VI. THE INFLUENCE OF THE RISE OF THE OTTOMAN TURKS UPON THE ROUTES OF ORIENTAL TRADE.
By ALBERT H. LYBYER,
Professor in the University of Illinois.
[Reprinted from The English Historical Review, October 1915]
The English
Historical Review
NO. CXX.—OCTOBER 1915[*]
The Ottoman Turks and the Routes of Oriental Trade
WITHIN a period of a little more than two hundred years, from the close of the thirteenth century to the second decade of the sixteenth, the rising power of the Ottoman Turks extended the area of its political control until its holdings stretched north and south across the Levant from the Russian steppes to the Sudanese desert. The Turkish lands thus came to intercept all the great routes which in ancient and medieval times had borne the trade between East and West. Near the time when the Turkish control became complete, a new way was discovered, passing around Africa; and within a few years the larger part of the through trade between Europe and Asia had deserted the Levantine routes and begun to follow that round the Cape of Good Hope. The causes of this diversion of trade have not been fully agreed upon. No specific investigation of the subject appears to have been made. A glance through works which, being mainly concerned with other subjects, have alluded to the shifting of the routes of oriental trade about the year 1500, shows that two incompatible views are prevalent. One of these holds in general that the advance of the Ottoman power gradually blocked the ancient trade-routes and forced a series of attempts to discover new routes; after these attempts had succeeded, the Turks continued to obstruct the old routes and compelled the use of the new. The other view finds little or no connexion between the growth of the Turkish power and the causes of the great discoveries: a set of motives quite independent of the rise of the Turks led men like Henry of Portugal and Christopher Columbus to explore the unknown world; and when the new route to India had been established it was found to possess an essential superiority for trade, which gave it pre-eminence until in the nineteenth century the balance was again turned by the introduction of steam navigation and the opening of the Suez Canal. The evidence appears to be overwhelmingly in favour of the second of these views. In the present article, however, without arguing the question directly, it is proposed to survey the course of oriental trade from the close of the great Crusades until the eighteenth century, so as to show the influence of the Ottoman Turks as it emerged historically.
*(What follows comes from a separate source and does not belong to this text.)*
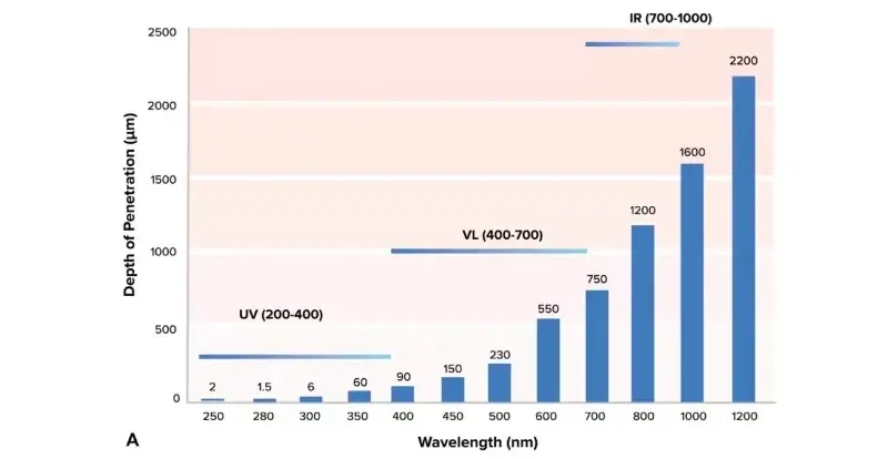 Kaya sing ditampilake ing tokoh ing ndhuwur, katon katon gedhe ing kulit, amarga band iki duwe ambane nembus jero menyang kulit. Lampu abang bisa nembus epidermis lan dermis, lan tekan lapisan lemak, nuduhake hubungan antara ambane lan gegayutan karo gelombang lan energi biru duwe energi sing luwih dhuwur tinimbang cahya abang.

The medieval trade-routes between western Europe and eastern and southern Asia fall into two groups: the northern, which passed mainly by land, and the southern, which passed mainly by sea. The former communicated with central Asia, China, and India through the Black Sea and Asia Minor, the latter through Syria and Egypt. Each group had branches which entered Asia near Aleppo and diverged in the direction of Tabriz and Bagdad. On all routes there were what in America are compendiously termed ‘long hauls’ and ‘short hauls’; that is to say, wares which travelled most of the way, as Western silver and coral and Eastern silk and spice, and wares which travelled only part of the way, as sugar, cotton, and Arabian gums. It was possible, also, for merchants who dealt in goods of the former class to travel the whole road or to go only part of it and sell or exchange their commodities, which would be carried on by other hands. For most goods the southern routes, especially that by the Red Sea, were cheaper, because they ran mostly by sea;[1] but this consideration was less important in the case of the costlier spices, especially as they were liable to suffer damage in the holds of ships. It was not so much, however, the question of expense as political and religious conditions which determined what routes would be preferred. If merchants are hindered by one route, said Marino Sanuto the Elder, they find another, like water, and they never cease seeking a way which will bring them more profit.[2]